Geoffrey Chaucer in 1386
Book Reviews, Geoffrey Chaucer, History
Geoffrey Chaucer from the Ellesmere Manuscript.
Stevie Davies reviews Paul Strohn’s microbiography: Chaucer’s Tale: 1386 and the Road to Canterbury in The Independent.
Strohm centres on a single year, 1386, at the end of which Chaucer “suddenly found himself without a patron, without a faction, without a dwelling, without a job … without a city.”
Exiled from London and his literary circle, Strohm’s Chaucer lost an audience, in an age before the printing press, when poetry in manuscript was read aloud in performance.
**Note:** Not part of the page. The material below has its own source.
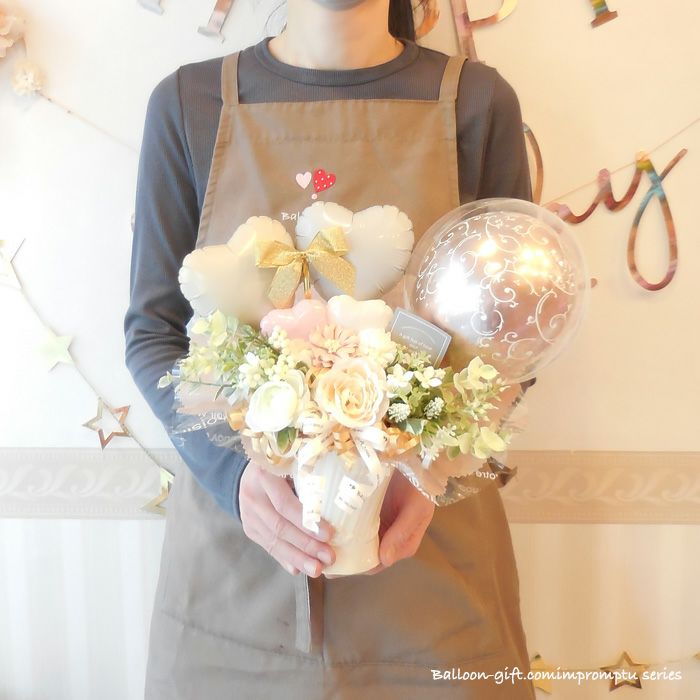 アンプロンプチュシリーズで一番大きいアレンジです。披露宴や二次会のバルーン電報として大人気です。また飲食店、ヘアサロン、ネイルサロン、病院クリニックの開店開業周年お祝いとしても人気。全国送料無料で宅配します。有料・無料メッセージカードもお付けできます

The book’s compelling thesis is that Chaucer’s loss generated the invention of a “portable audience” within The Canterbury Tales: the pilgrims themselves. …
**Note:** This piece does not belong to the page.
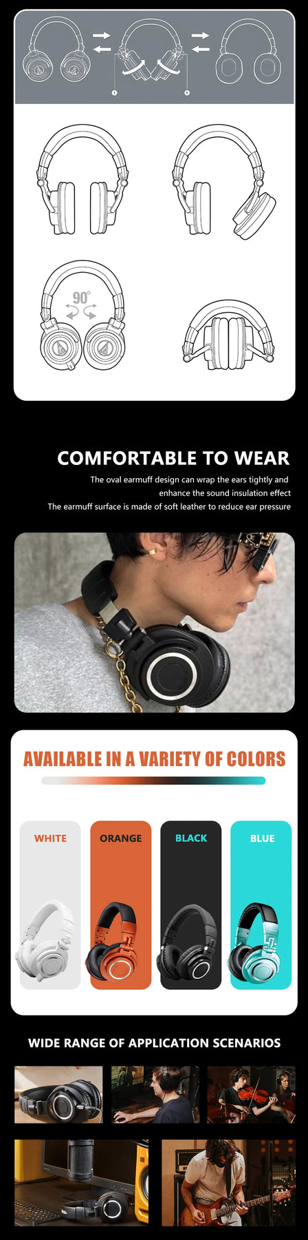Package List: Carrying Bag,3.5mm Jack Adapter,Detachable Audio Cable,6.3mm Jack Adapter

One of Chaucer’s overarching themes is the volatility of fortune, whose reversals – if we are wise – teach us “to maken virtu of necessitee”. Strohm’s Chaucer is essentially a small player in a world of venal power politics, “a politician of limited gifts, and not much of a factionalist either”. A loyalist of Richard II, he’d risen by espousing the long-term losing party. Esquire to the king, Chaucer had made an advantageous marriage. But he and his higher-ranking wife, Philippa de Roet, sister to John of Gaunt’s mistress, Katherine Swynford, lived apart and his association with the loathed Gaunt jeopardised him.
Deployed by his political masters to the post of controller of wool custom, Chaucer had the unenviable job of monitoring the activities of “some of the richest and best connected and least scrupulous crooks on the face of his planet”. Strohm’s portrait of the collector of the lucrative wool custom, corrupt magnate Nicholas Brembre, is formidable. When the royalist faction secured Chaucer’s election to the 1386 Parliament, and Brembre’s wheel came thundering down, so did Chaucer’s. His grace and favour apartment was forfeit. Strohm assesses Chaucer’s withdrawal from public life as “a matter of constrained choice”. Chaucer became “a wanderer in Kent, with no fixed job and insufficient income”. …
Losing “that thick and involving texture of London life” meant forfeit not only of discomfort but of stimulation and conviviality. The listening audience Chaucer now lacked he invented as a fellowship of pilgrims: “Chaucer’s varied cast of rogues, pitchmen, scammers … divines, social snobs, humble toilers [is] a miracle of imaginative inclusion.” …
From the misfortune of 1386, Chaucer moved towards a sense of authorial identity, preparing his literary legacy for generations to come. The pilgrims mediated “between Chaucer and the extended public he has begun to imagine”. The poet’s humiliated exile, Strohm compellingly suggests, is part of the deep story of how The Canterbury Tales came into being.